Yes, I know what plans I have in mind for you, Yahweh declares, plans for peace, not for disaster, to give you a future and a hope. (Jeremiah 29:11, NJB)
Sometimes, life doesn’t go the way we want it to, or think it should. Sometimes, it’s downright nasty, difficult, and seemingly hopeless. So many times, through illness, job losses, deaths in the family (especially those of children, or the parents of young children), or other difficulties come up in our lives, and we’re left feeling very alone against the world, wondering where God is through it all. We’re told by religious friends and leaders (who often seem utterly untouched by the ravages of life themselves), to look to our faith and to the Scripture for peace, to trust in God’s promises. One favourite is the verse quoted above, from Jeremiah 29:11. Yet so often, in the midst of our despair, we feel that this passage is nothing more than a saccharine cliché. If God has a plan for our good, why do our lives so often go so wrong?
The key to understanding this biblical promise oft-quoted by our too-chipper friends, is to understand the text in context.

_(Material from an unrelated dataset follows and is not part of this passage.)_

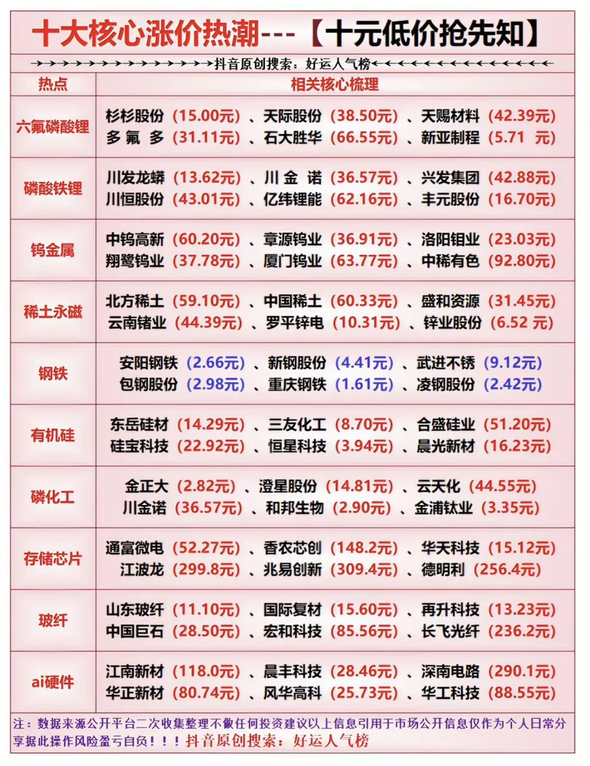 十大核心材料:涨价热潮!10元低价股 1.六氟磷酸锂+磷酸铁锂 2.钨金属+稀土永磁 3.钢铁+有机硅 4.磷化工+存储芯片 5.玻璃玻纤+AI硬件 相关核心龙头股:(值得收藏)

Does Jeremiah 29:11 promise that God will give us a life free of care, where we will be happy all the day if we simply have enough faith? Absolutely not! Consider that this promise was given as the Jews were being led away into captivity into Babylon! Verse 2 tells us that the King himself, the Queen Mother, and the royal officials had already been deported, and the Babylonian troops were coming back for the rest of the citizenry. Clearly, God’s not saying that everything in the present is going to be rosy! Rather, He is promising that this apparent tragedy can and will be used for the Jews’ good. Through this time of suffering, they will be brought to repentance, to a place of sincere and wholehearted searching for God (cf. vv. 12-13).
Like the Jews of history, all of us are undergoing a period of “exile” from our true home, the Heavenly Jerusalem. Like the Jews, our King and His Queen Mother have already gone through this exile, and are with us through it. And God has promised that this time of exile, as we go through this “valley of tears”, can be a time of grace for us, that will indeed be for our good. Faith in God won’t always bring us immediate blessing, prosperity, or success. But we know that it will, if endured patiently and with trust, lead to our good. What is our good? Ultimately, it is God Himself. It is the blessed future and hope of Heaven. God has promised that everything that happens to us here, the good, the bad, and the downright ugly, is for the attainment of that greatest Good (cf. Romans 8:28). Why does God allow these times of suffering? Precisely to remind us that the good things of this life are temporary and unsatisfying. When we are deprived of them, we are reminded that they are not the source of happiness, but rather God Himself.
And so, as we journey through this valley of tears with Jesus and Mary, we pray,
Hail, Holy Queen, Mother of Mercy,
Our life, our sweetness, and our hope.
To thee do we cry, poor banished children of Eve,
To thee do we send up our sighs, mourning and weeping in this valley of tears.
Turn then, most gracious advocate, thine eyes of mercy towards us,
And after this, our exile, show unto us the blessed fruit of thy womb, Jesus,
O clement, O loving, O sweet Virgin Mary.
V. Pray for us, O holy Mother of God,
R. That we may be made worthy of the promises of Christ. Amen.